3

Он вернулся домой, неся ощущение предстоящей новизны жизни, и новизна эта была единственным, что примиряло вчерашнее с послезавтрашним, мешала сегодняшней неуверенности стать необратимой.

Он любил свою комнату, но боялся признаться в этом: признание обязывает, налагает, препятствует. Комната была отвратительна и мерзка. Он получил ее, потому что все от нее отказались. Даже геометрические плоскости комнаты настраивали входящего на веселое желание разбежаться от двери и головой высадить окно. Мебель отсутствовала, потому что комната обживалась недавно и никакая мебель не могла бы вписаться в изувеченное пространство. Но вещи в комнате были – деревянная кровать, подобранная на помойке, когда он решил, что каждый период жизни нужно начинать от нуля или, еще лучше, от отрицательной величины. На кровати развалился матрац, подаренный приятелем. На матраце черное верблюжье одеяло. Какие-то изуродованные чемоданы, какие-то коробки с книгами, какая-то обувь на полу, какая-то посуда.

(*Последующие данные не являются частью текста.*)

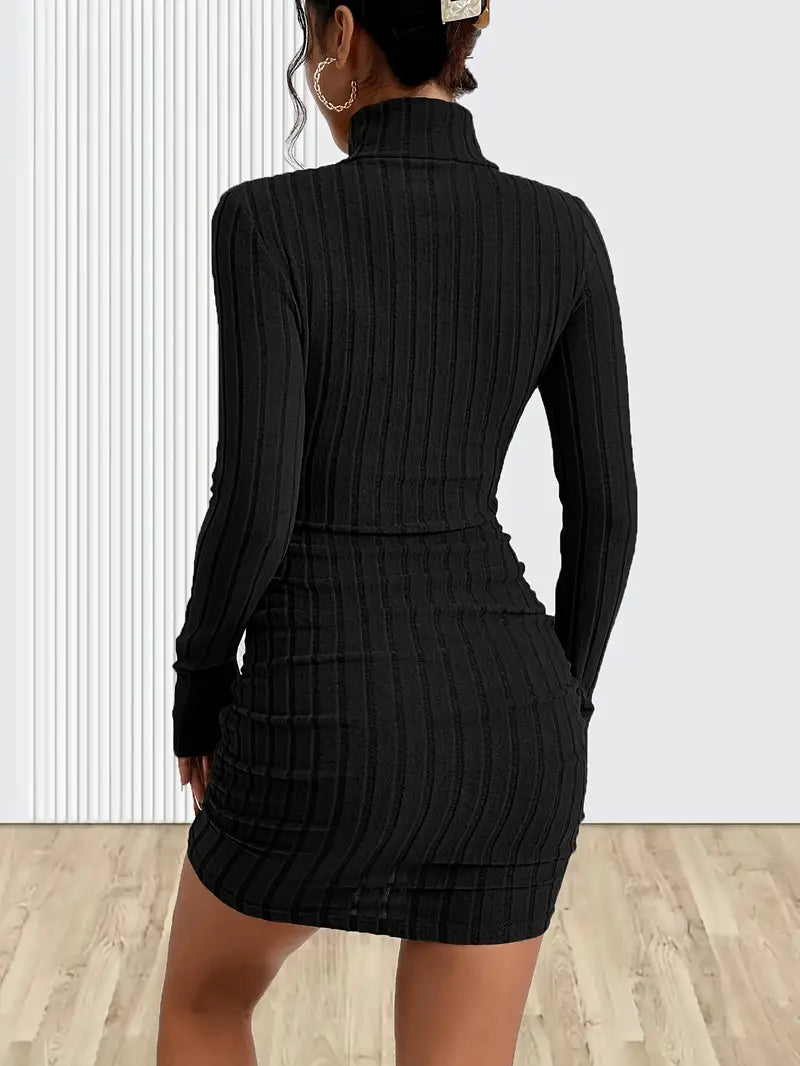 Odkryj kobiecy minimalizm w najlepszym wydaniu z prążkowaną sukienką dzianinową mini z golfem w kolorze czarnym. To model, który idealnie łączy elegancję, wygodę i seksowny styl. Dopasowany fason pięknie podkreśla kobiecą sylwetkę, a elastyczna dzianina zapewnia pełen komfort noszenia – nawet przez cały dzień.
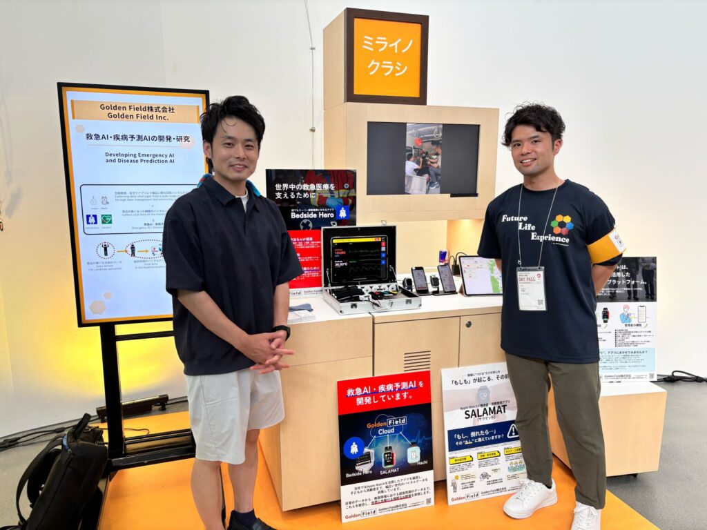 大阪・関西万博 出展完了のご報告 投稿者:Golden Field株式会社 投稿公開日:2025.10.04 投稿カテゴリー:お知らせ 弊社展示ブース Golden Field株式会社は、2025年日本国際博覧会(大阪・関西万博)「未来社会ショーケース事業(フューチャーライフゾーン・フューチャーライフエクスペリエンス)」に出展し、無事に展示期間(9月16日〜22日)を終えることができました。 機器を担当していただいた株式会社F&Dの工藤様と 会期中は、多くの皆様に弊社の取り組みをご紹介することができ、非常に実りある時間となりました。ご来場いただいた方々からの貴重なご意見やご期待の声は、私たちに大きな自信を与えてくれました。また、遠方から足を運んでくださった皆様、新たにご縁をいただいた皆様に心より感謝申し上げます。皆様のお力添えのおかげで、万博出展を無事に終えることができました。期間中には多くの商談の機会もいただき、今後さらに挑戦の幅を広げていけると確信しております。 代表コメント大阪万博では、本当に多くの方に弊社の取り組みを直接ご説明させていただく機会をいただきました。『早く実現してほしい』『今すぐ使いたい』といった声を多く頂戴し、実際に商談へと進ませていただけるお客様もいらっしゃいました。これは開発を進めてきた私たちにとって非常に嬉しいことであり、同時に取り組みの意義を強く感じる瞬間でもありました。この経験を糧に、実現に向けて今後も全力で努力を続けてまいります。引き続き、ご支援・ご指導を賜れましたら幸いです。代表取締役金野 利哉 説明をする弊社代表 Golden Field株式会社 防災・救急・医療の分野におけるアプリケーション開発、DXコンサルティングを行っている岩手県八幡平市の企業です。 おすすめ 出演した2025年2月3日(月)放送「ニッポン!こんな未来があるなんて~巨大企業の変革プロジェクト~」が公開されました 2025.02.03 年末年始休業のお知らせ 2023.12.28 サイト公開しました! 2023.07.18
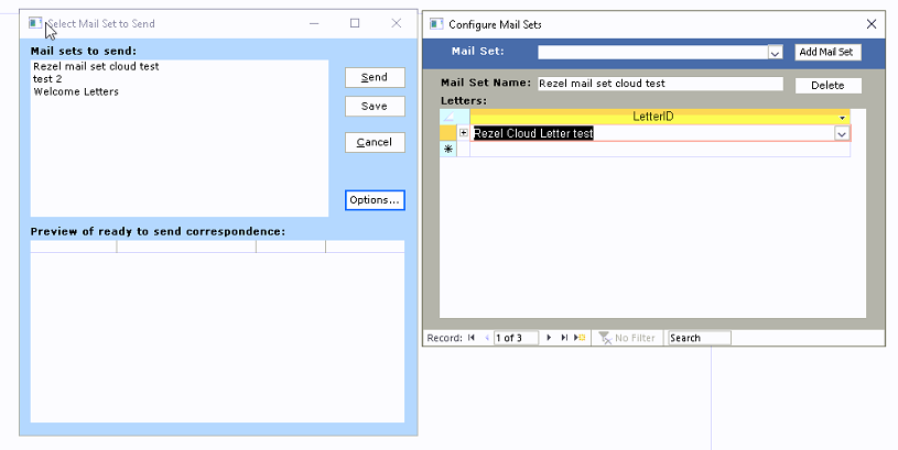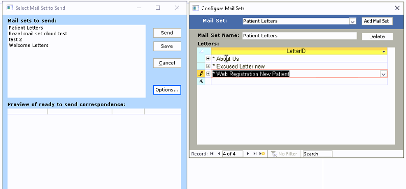 Mail Sets are now complete and instead of click and sending multiple letters individually one click will generate several letters at once to be sent individually with a few less clicks.

В стене – гнутый гвоздь музейной длины. Повесить плащ и оседлать шляпой. Подхватить с пола грязный чайник и пойти на кухню. Простые действия беременны уверенностью, она склонна к сложности, из которой выход только в простые действия, беременные уверенностью, склонной к сложности, которая на седьмом круге становится осложнением. И тогда, подумал он, оставить их, и пусть они сами с собой разбираются. Долгий темный коридор кончался светлым кухонным проемом вдали. Нормальным шагом не дойти. Нужно бежать, и, может быть, с криком ужаса. Вдоль скользких стен и угрюмой безысходности.

Наигранно легкой, упругой походкой, сдерживая желание бежать, К. М., помахивая чайником, дошел до кухни и там обнаружил соседку, Прасковью Прокофьевну, или П. П., как она обычно рекомендовалась. Высветленная годами и постной пищей, нетленно невесомая, почти бестелесная и бесполая, ничья, как бесцветный ночной мотылек, залетевший по ошибке на праздник жизни, П. П. стряпала, переходя неслышно от плиты к столу. Она оглянулась на вошедшего и приветливо улыбнулась.

– Где же прочие жители? – спросил К. М., наполняя чайник под ржавым краном. – За два месяца я не встретил ни одного соседа, кроме вас.

– В квартире больше никто не живет, только вы и я, – простодушно ответила П. П. – Комнаты заколочены. Дом умирает.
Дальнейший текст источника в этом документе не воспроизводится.